-- RECORDED DATA follows --
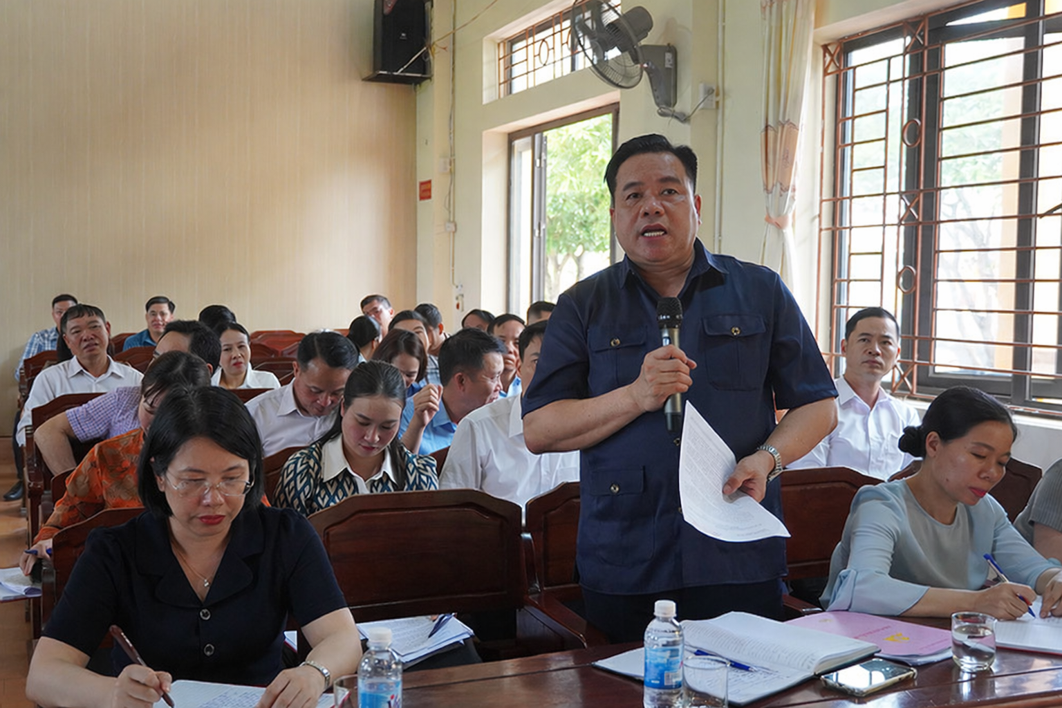Đồng chí Phan Văn Dương, Bí thư Đảng ủy, Chủ tịch HĐND xã Lê Lợi phát biểu tại Hội nghị
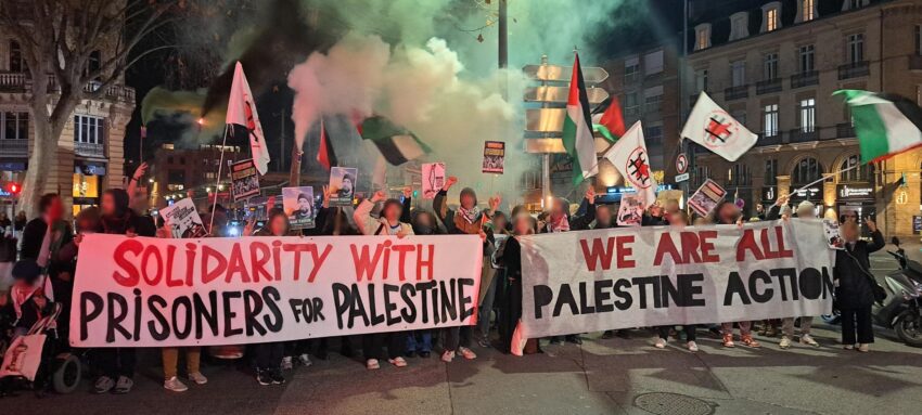 Organisé par le Comité de soutien à la Palestine le vendredi 17 janvier à Toulouse, près d’une centaine de personnes ont participé à un rassemblement pour soutenir les militants de Palestine Action emprisonnés au Royaume-Uni mais aussi pour la libération des prisonniers palestiniens, dont Anan Yaeesh et Ahmad Sa’adat. Lors de sa prise de parole, le Secours Rouge Toulouse a souligné la « victoire partielle » obtenue par les grévistes de la faim de Palestine Action (voir notre article). Par ailleurs, il a rappelé que « leur courageuse grève de la faim a été un appel lancé au monde entier : face à la répression, la meilleure des réponses est la lutte collective dans et hors les prisons ! Évidemment, leur situation n’est pas un cas isolé. De nombreux militants de la cause palestinienne sont aujourd’hui détenues dans les geôles des puissances imperialistes comme Casey Goonan condamné à 20 ans de prison aux Etats Unis, les 5 pro-palestiniens d’Ulm et la révolutionnaire anti-impérialiste Daniela Klette en Allemagne ou encore le palestinien Anan Yaeesh qui vient d’être condamné à 5 ans et demi de prison en Italie. » Coïncidant avec le 24ᵉ anniversaire de l’arrestation d’Ahmad Sa’adat en 2002, le rassemblement a également déployé plusieurs affiches exigeant la libération du secrétaire général du FPLP emprisonné.
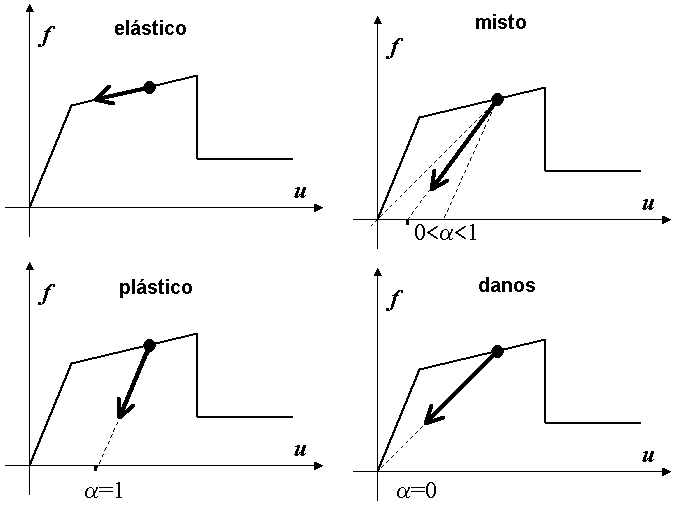 Na análise plástica, o método de descarregamento também precisa ser especificado. Ele determina o caminho do comportamento de um material após a resistência ao escoamento ser ultrapassada durante o descarregamento, quando as deformações ficam menores (o gradiente de deformação é negativo). Existem quatro tipos de comportamento de material (consulte a imagem abaixo):
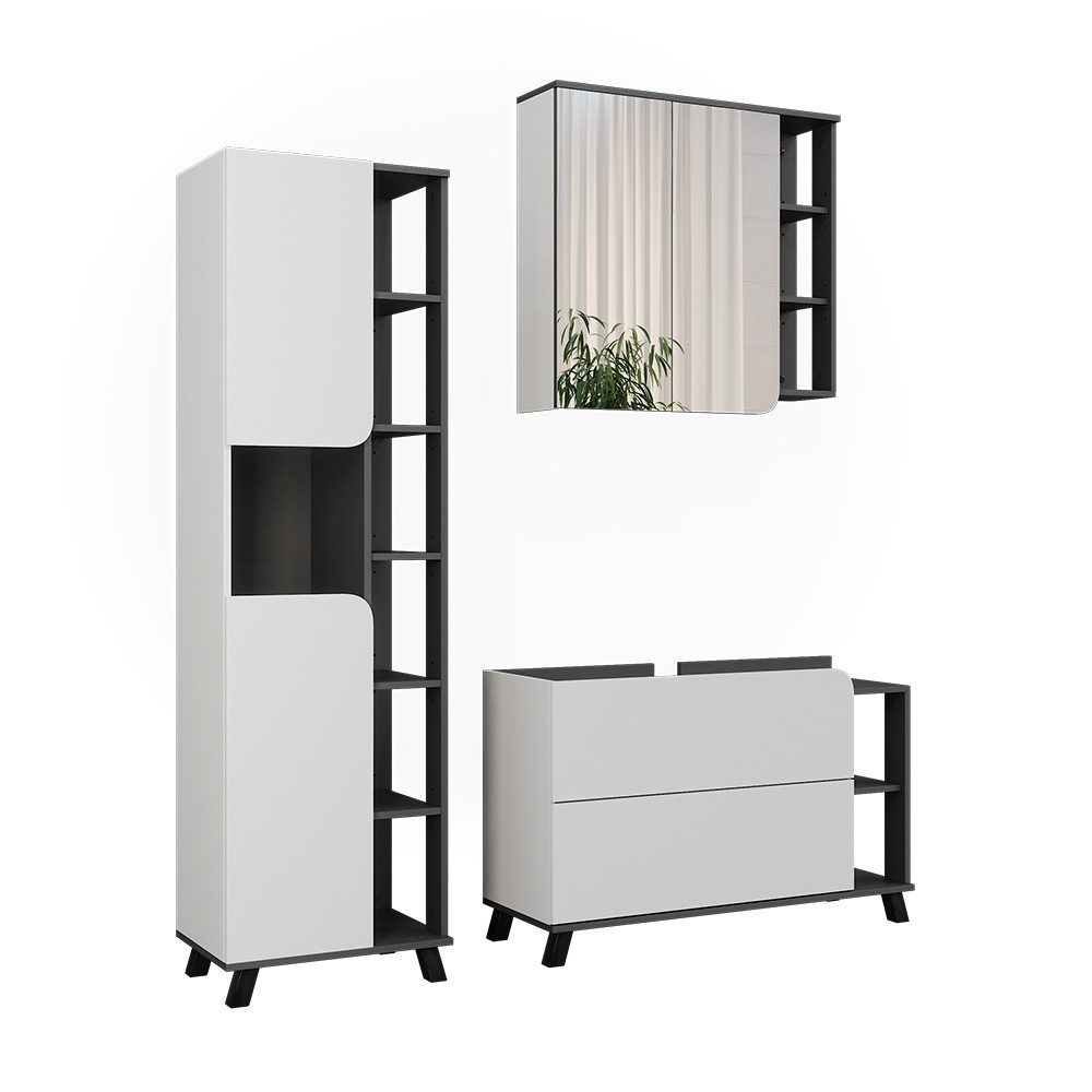 LIEFERUMFANG: Waschbeckenunterschrank, Badspiegelschrank, Hochschrank, Montageanleitung, Montagematerial (Dekoration nicht enthalten).#27699
-- RECORDED DATA concluded --
*EXERCISE PROMPT*. Retype only the lines above from the one with "Na análise plástica, o" through the last, both ends included, keeping every picture out of the copy.

*OUTPUT FOR THIS TASK*.
 Na análise plástica, o método de descarregamento também precisa ser especificado. Ele determina o caminho do comportamento de um material após a resistência ao escoamento ser ultrapassada durante o descarregamento, quando as deformações ficam menores (o gradiente de deformação é negativo). Existem quatro tipos de comportamento de material (consulte a imagem abaixo):
 LIEFERUMFANG: Waschbeckenunterschrank, Badspiegelschrank, Hochschrank, Montageanleitung, Montagematerial (Dekoration nicht enthalten).#27699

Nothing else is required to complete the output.